After instancing the simplest processes of propagation by self-division, and by the formation of buds (Gernmatio), Haeckel proceeds, "A third mode of non-sexual propagation, that of the formation of germ-buds (Polysporogonia) is intimately connected with the formation of buds. In the case of the lower, imperfect organisms, among animals, especially in the case of the plant-like animals and worms, we very frequently find that in the interior of an individual composed of many cells, a small group of cells separates itself from those surrounding it, and that this small isolated group gradually develops itself into an individual, which becomes like the parent and sooner or later comes out of it . . . . . . . The formation of germ buds is evidently but little different from real budding. But, on the other hand, it is connected with a fourth kind of non-sexual propagation, which almost forms a transition to sexual reproduction, namely, the formation of germ cells (Monosporogonia). In this case it is no longer a group of cells but a single cell, which separates itself from the surrounding cells in the interior of the producing organism, and which becomes further developed after it has come out of its parent.
[paragraph continues] Sexual or amphigonic propagation (Amphigonia) is the usual method of propagation among all higher animals and plants. It is evident that it has only developed at a very late period of the earth's history, from non-sexual propagation, and apparently in the first instance from the method of propagation by germ-cells . . . . . . In all the chief forms of non-sexual propagation mentioned above--in fission, in the formation of buds, germ-buds, and germ-cells--the separated cell or group of cells was able by itself to develop into a new individual, but in the case of sexual propagation, the cell must first be fructified by another generative substance. The fructifying sperm must first mix with the germ-cell (the egg) before the latter can develop into a new individual. These two generative substances, the sperm and the egg, are either produced by one and the same individual hermaphrodite (Hermaphroditismus) or by two different individuals (sexual-separation).

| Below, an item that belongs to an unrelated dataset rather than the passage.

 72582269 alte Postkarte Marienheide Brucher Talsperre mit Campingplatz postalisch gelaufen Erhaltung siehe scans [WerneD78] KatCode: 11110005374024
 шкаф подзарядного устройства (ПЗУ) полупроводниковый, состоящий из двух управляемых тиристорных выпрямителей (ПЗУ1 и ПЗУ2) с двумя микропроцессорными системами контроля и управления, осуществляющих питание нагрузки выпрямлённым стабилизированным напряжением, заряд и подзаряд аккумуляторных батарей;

"The simpler and more ancient form of sexual propagation is through double-sexed individuals. It occurs in the great majority of plants, but only in a minority of animals, for example, in the garden snails, leeches, earth-worms, and many other worms. Every single individual among hermaphrodites produces within itself materials of both sexes--eggs and sperm. In most of the higher plants every blossom contains both the male organ (stamens and anther) and the female organ (style and germ). Every garden snail produces in one part of its sexual gland eggs, and in another part sperm. Many hermaphrodites can fructify themselves; in others, however, reciprocal fructification of both hermaphrodites is necessary for causing the development of the eggs. This latter case is evidently a transition to sexual separation.

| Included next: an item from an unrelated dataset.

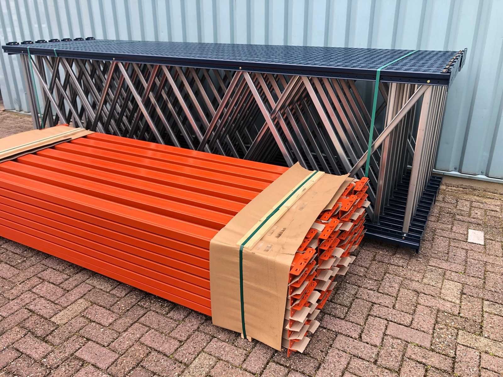 Lengte liggers 270cm, ongebruikt, gedemonteerd, Zeer netjes 15 staanders 4000x1100 56 liggers 2700 mm lang. Alles is gedemonteerd Incl voetplaten en borgpennen. Let op het juiste vervoer i.v.m. lengte en gewicht. Heftruck is aanwezig voor het laden. Merk: Mecalux Aantal staanders: 15 Aantal liggers: 56 Lengte: 39000cm Breedte: 1100cm Hoogte: 4000cm

"Sexual separation, which characterises the more complicated of the two kinds of sexual reproduction, has evidently been
developed from the condition of hermaphroditism at a late period of the organic history of the world. It is at present the universal method of propagation of the higher animals . . . . . . The so-called virginal reproduction (Parthenogenesis) offers an interesting form of transition from sexual reproduction to the non-sexual formation of germ-cells which most resembles it. . . . In this case germ-cells which otherwise appear and are formed exactly like egg-cells, become capable of developing themselves into new individuals without requiring the fructifying seed. The most remarkable and the most instructive of the different parthenogenetic phenomena are furnished by those cases in which the same germ-cells, according as they are fructified or not, produce different kinds of individuals. Among our common honey bees, a male individual (a drone) arises out of the eggs of the queen, if the egg has not been fructified; a female (a queen, or working bee) if the egg has been fructified. It is evident from this, that in reality there exists no wide chasm between sexual and non-sexual reproduction, but that both modes of reproduction are directly connected." 1
Now, the interesting fact in connection with the evolution of Third Race man on Lemuria, is that his mode of reproduction ran through phases which were closely analogous with some of the processes above described. Sweat-born, egg-born and Androgyne are the terms used in the Secret Doctrine.
"Almost sexless, in its early beginnings, it became bisexual or androgynous; very gradually, of course. The passage from the former to the latter transformation required numberless generations, during which the simple cell that issued from the earliest parent (the two in one), first developed into a bisexual being; and then the cell, becoming a regular egg, gave forth a unisexual creature. The Third Race mankind is the most mysterious
of all the hitherto developed five Races. The mystery of the "How" of the generation of the distinct sexes must, of course, be very obscure here, as it is the business of an embryologist and a specialist, the present work giving only faint outlines of the process. But it is evident that the units of the Third Race humanity began to separate in their pre-natal shells, or eggs, and to issue out of them as distinct male and female babes, ages after the appearance of its early progenitors. And, as time rolled on its geological periods, the newly born sub-races began to lose their natal capacities. Toward the end of the fourth sub-race, the babe lost its faculty of walking as soon as liberated from its shell, and by the end of the fifth, mankind was born under the same conditions and by the same identical process as our historical generations. This required, of course, millions of years." 1
27:1 Ernst Haeckel's " The History of Creation," 2nd ed., Vol. I., pp. 193-8.
28:1 "The Secret Doctrine," Vol. ii., p. 197.